Below are the comparison analysis between pandas (traditional methods) and Dask (advanced strategies). By comparing in a few terms: -

* ### Memory usage
  
  Advanced strategies (Dask) have a clear advantage for handling larger-than-memory datasets with more efficient memory usage.

* ### Computation time
  Advanced strategies (Dask) show a significant advantage, especially when operations can be parallelized.

* ### File size
  Advanced strategies (Dask) are advantageous for efficiently handling larger datasets without a proportional increase in file size.



---



##**Conclusion**

**Loading less data** is a common strategy when working with large datasets, allowing you to save memory and speed up initial data exploration tasks. However, keep in mind that working with a subset may not represent the full dataset, and decisions based on this subset should be made with caution.

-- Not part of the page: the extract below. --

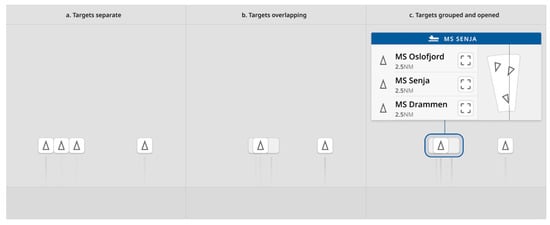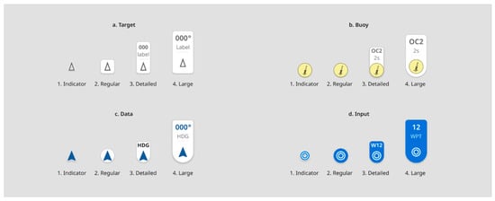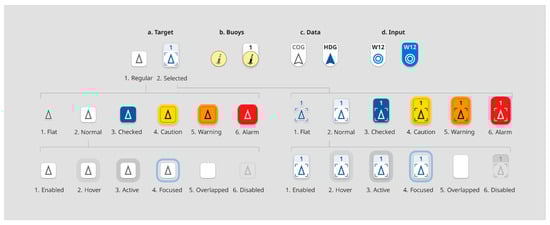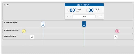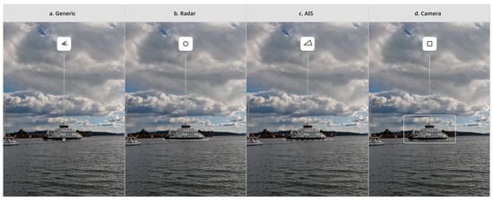 21]. All moving target POIs have an icon that describes the POI according to the sensor detecting it, such as RADAR, AIS, or camera identification. The navigation target POIs use icons representing the type of navigation target. Examples of IEC icons used for identifying different types of targets are shown in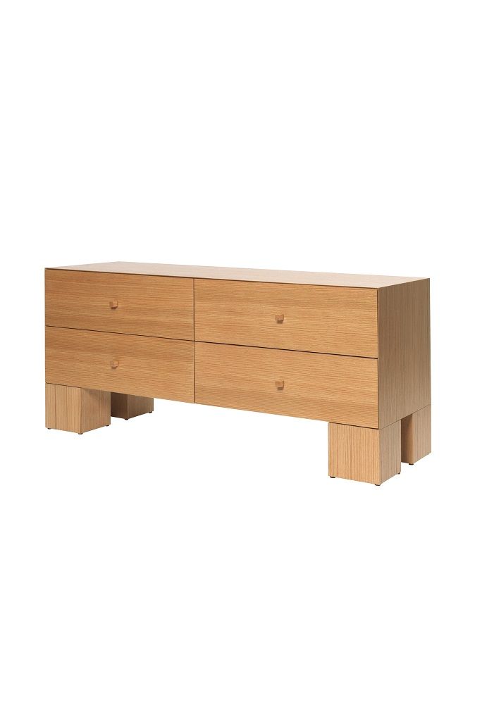 Комод Kuben изготовлен из натурального дубового шпона, сертифицированного FSC™. Его острая кубическая форма и скошенные соединения создают иллюзию бесшовной конструкции, в то время как большие кубические ножки привносят смелый характер. Изящные ручки добавляют изысканный штрих, усиливая игривую интригу дизайна. Легко сочетая функциональность с минималистской эстетикой, он предлагает просторное пространство для хранения одежды и других необходимых вещей.

The primary benefit of **optimizing data types** is to reduce memory usage, making it more efficient for handling and processing large datasets. It's important to choose the appropriate data types for columns to balance memory efficiency with the precision needed for analysis.

Using **chunks** is beneficial when dealing with large datasets that may not fit into memory. Instead of loading the entire dataset at once, it is read in smaller chunks. This allows for more efficient memory usage and processing. In the example, the time to read the entire dataset using chunks might be longer than reading it without chunks. However, the benefit becomes apparent when the dataset is too large to fit into memory, as chunks allow you to process and analyze portions of the data at a time.

**Sampling** is a useful technique for working with large datasets when you want to get a representative subset for exploratory data analysis or model building. The random_state parameter is set for reproducibility, ensuring that the same random rows are selected if the code is run again with the same random state.

### **After using Dask:**
* Traditional methods (pandas) are suitable for smaller datasets but may face limitations in terms of memory and computation time for larger datasets.
* Advanced strategies (Dask), offer scalability, efficient memory usage, and parallelization, making them highly advantageous for big data scenarios.
* The choice between traditional methods (pandas) and advanced strategies (Dask) depends on the size and complexity of the data, available computing resources, and the specific requirements of the analysis.